(At 3:10 p.m. EDT)

NEW YORK ( TheStreet) -- The Dow has pared its losses but still remains lower with the closing bell only 50 minutes away. However, the Dow's current loss of 32 points looks a whole lot better than the 101-point loss the index sported earlier.

What's really important is that the Dow did not fall through the psychologically important 9000 level, although it certainly came close. American Express ( AXP) continues to be a big laggard, along with Pfizer ( PFE) and Exxon Mobil ( XOM).

On the bright side, Boeing ( BA) and Bank of America ( BAC) have helped the Dow regain some of its early losses. Both stocks were lately higher by more than 2%. While General Electric ( GE) gave back some of its gains, it was still higher by 1%.
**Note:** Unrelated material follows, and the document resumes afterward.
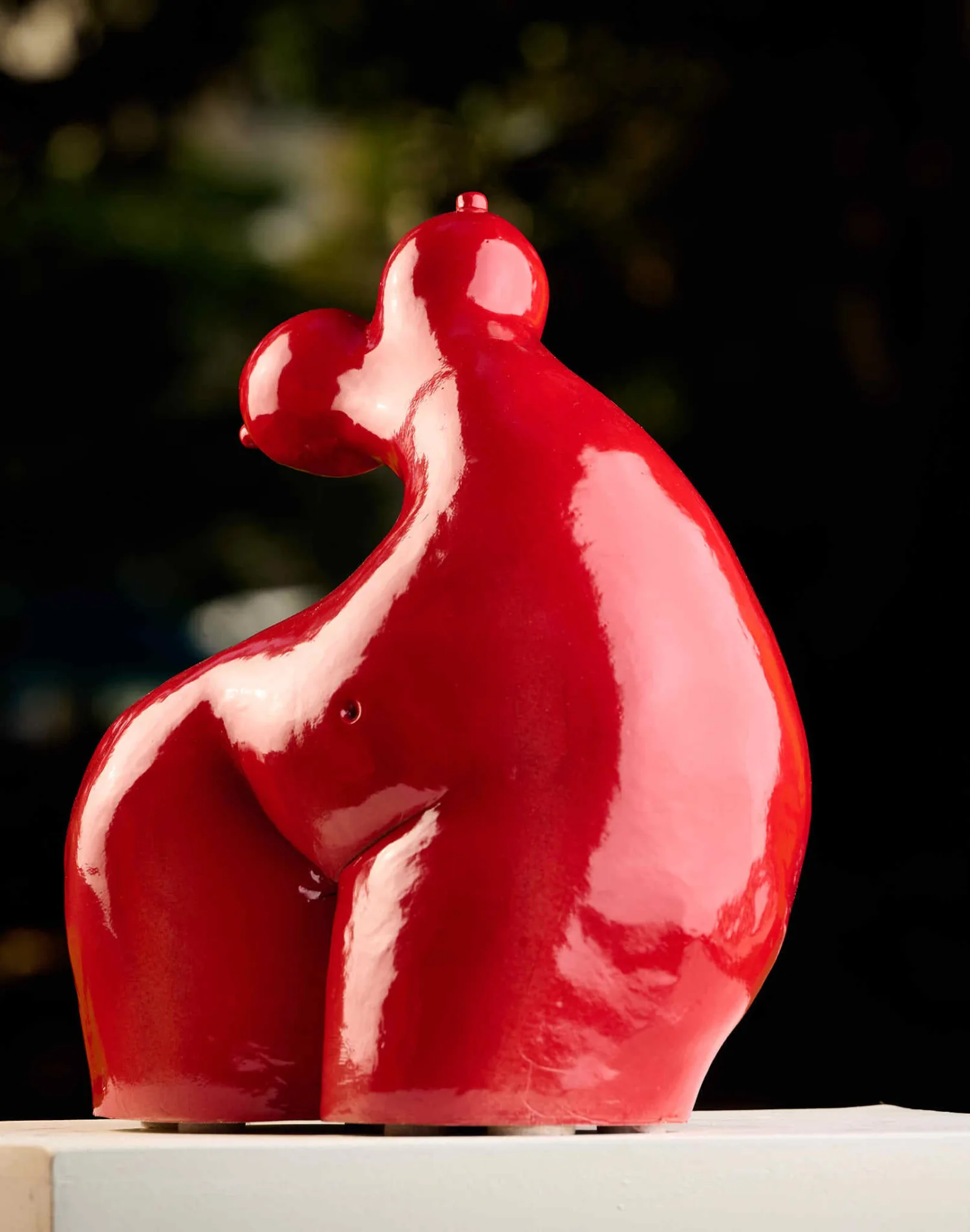 `Red Ripe `is the unique glazed and fired version of `Ripe`, a first edition bronze. This series is an exaggerated abstraction of the female form emphasising voluptuousness and sensuality. But it is also a continuation of the symbolism of the ancient `Venus of Willendorf`, the first sculpture to depict women's connection to their bodies as the generators of birth and human life.

Today's performance isn't surprising given that consumer confidence fell more than expected this month, making for two consecutive monthly declines. But really, the major U.S. averages definitely needed a breather. The Dow had jumped 11.6% over the last two weeks, the best performance since March 2000, and the index even eked out a gain Monday after trading lower most of the day.

The Dow could still come back, of course, but this action today definitely makes sense.

(At 10:30 a.m. EDT)

Tuesday's trading session, at least so far, looks quite a bit like Monday's. The Dow Jones Industrial Average is trading lower, but only by 35 points, leaving the index fairly close to its best levels of 2009.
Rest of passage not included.